Il guaio è più grave di quel che si pensi. Perché il girone d'andata è appena cominciato e la squadra è sempre penultima. Perché progressi nel gioco non se ne vedono (più). Perché l'effetto benefico Robinson-Olisevicius sembra attenuato. Perché la panchina è debolissima. Perché Harrison è stato finora protetto da Vitucci e Giofrè. Perché sempre Harrison vanta un contratto a cifre importanti che non è semplice da sbolognare altrove né da risolvere. Perché c'è sempre meno tempo a disposizione per correggere la rotta, incamerare punti e sperare nella salvezza. In questo senso, domenica contro Sassari sarà già un match da dentro o fuori. Non solo per Harrison, ché i sussurri alle spalle di Frank Vitucci stanno aumentando e non solo da parte dei nickname anonimi. Quattordici anni fa, proprio in questi giorni, l'attuale tecnico biancoceleste veniva esonerato dalla Benetton a favore di Jasmin Repesa al culmine di una manovra così sporca da destare lo scandalo della stampa. Non fu, quello del 2010, un licenziamento per scarsi risultati come ha scritto il famoso anonimo, ma una carognata in piena regola. Dopo una vittoria casalinga e con la squadra ancora in corsa per la Coppa Italia, la Benetton Basket sollevò dall'incarico Vitucci perché la prima scelta, quel Repesa che qualche mese prima aveva rifiutato per questioni di impegni di Nazionale e di soldi, si era finalmente reso disponibile alle condizioni desiderate. Quindi via lo "scaldaposto" Vitucci e dentro il "titolare croato". Fu una porcata, maldigerita da molti e dimenticata da altri. Questi ultimi sono gli stessi che oggi vorrebbero la testa del coach sul ceppo. Potrebbero essere accontentati nel giro di una settimana. Anche se spero che stavolta la storia prenda un'altra piega.

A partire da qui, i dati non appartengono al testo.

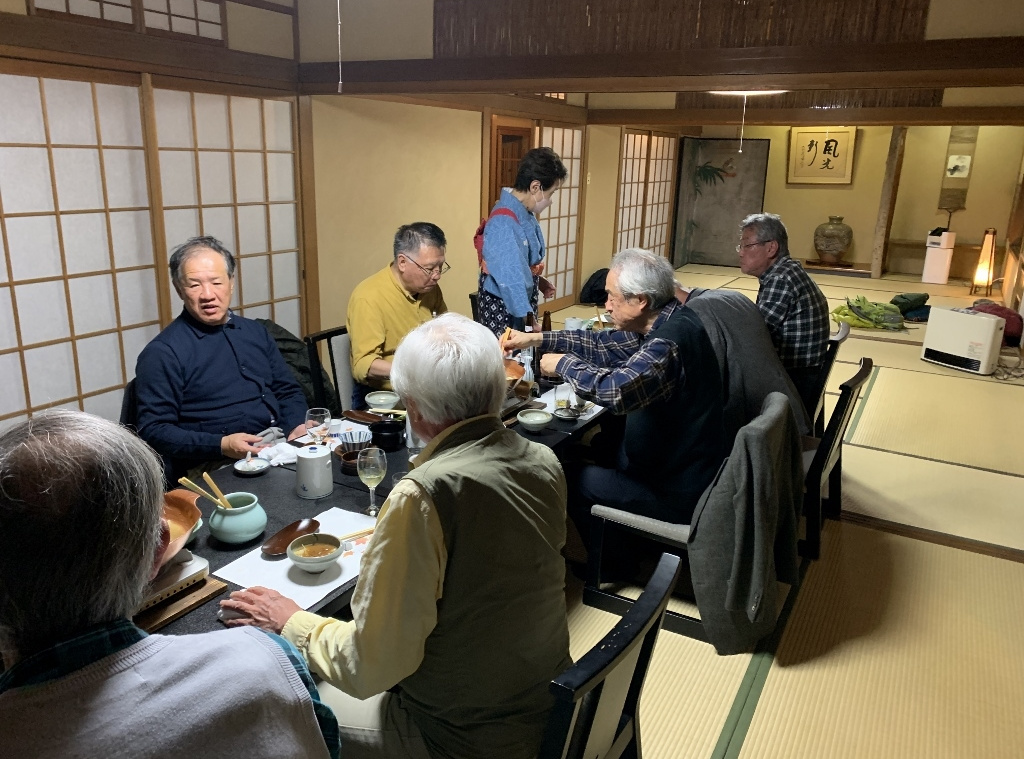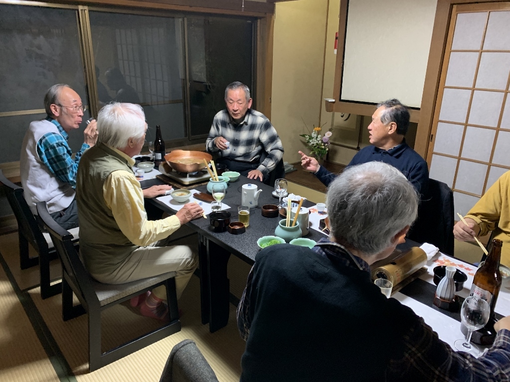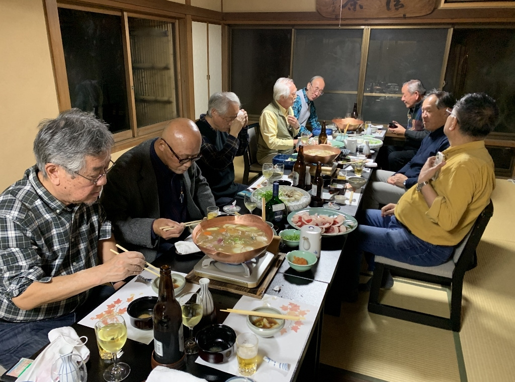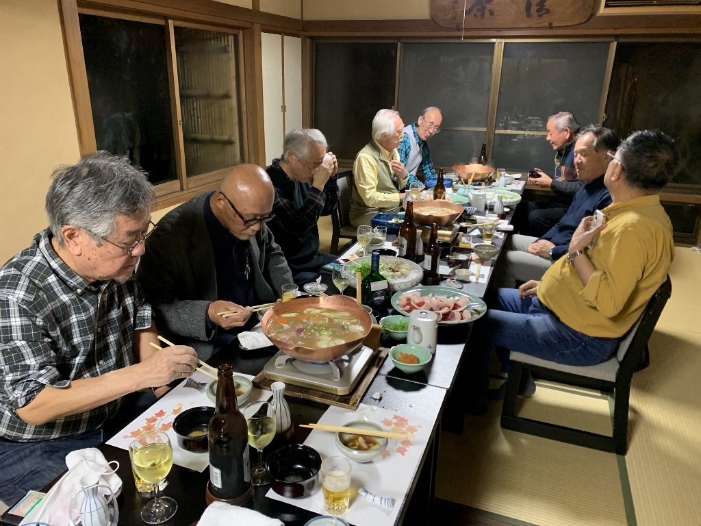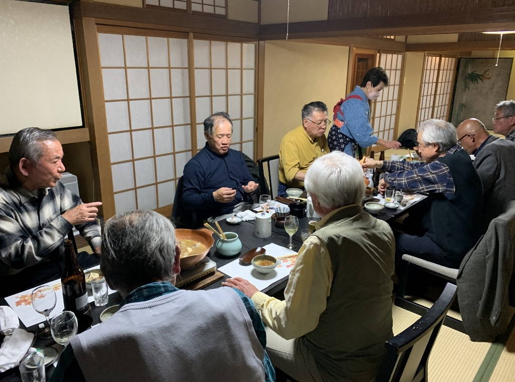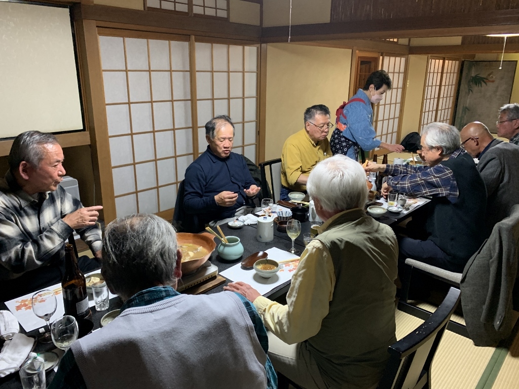 残念ながら、私の目では美しい紅葉はあまり確認できませんでしたが、久しぶりに古都京都の風情に触れた気がしました。また、べにやさんでの会食は、いつも通りの豊富な話題とともに、柴田さんにいただいたワインも加わり、見た目にも美しい牡丹鍋を堪能することができました。身も心もすっかり温まり、いっとき寒さを忘れてしまいました。

POST SCRIPTUM: siccome la persona che utilizza quel nickname anonimo legge questo blog, sappia che non esistono prescrizioni mediche che obblighino appunto alla lettura. Se non gradisce, può sorvolare e dedicarsi ad altro. Possibilmente, a qualcosa di diverso dalla denigrazione anonima di un professionista. Personalmente vivo benissimo anche con un lettore in meno, specie se si tratta di una persona che sfrutta la rete per infangare la reputazione di chi lavora. E visto che ha rifiutato il mio invito a conoscersi di persona, spero che un giorno l'anonimo denigratore avrà la cortesia di presentarsi a Frank Vitucci rivelandosi e spiegando i motivi del proprio livore. Anche se dubito che lo farà mai.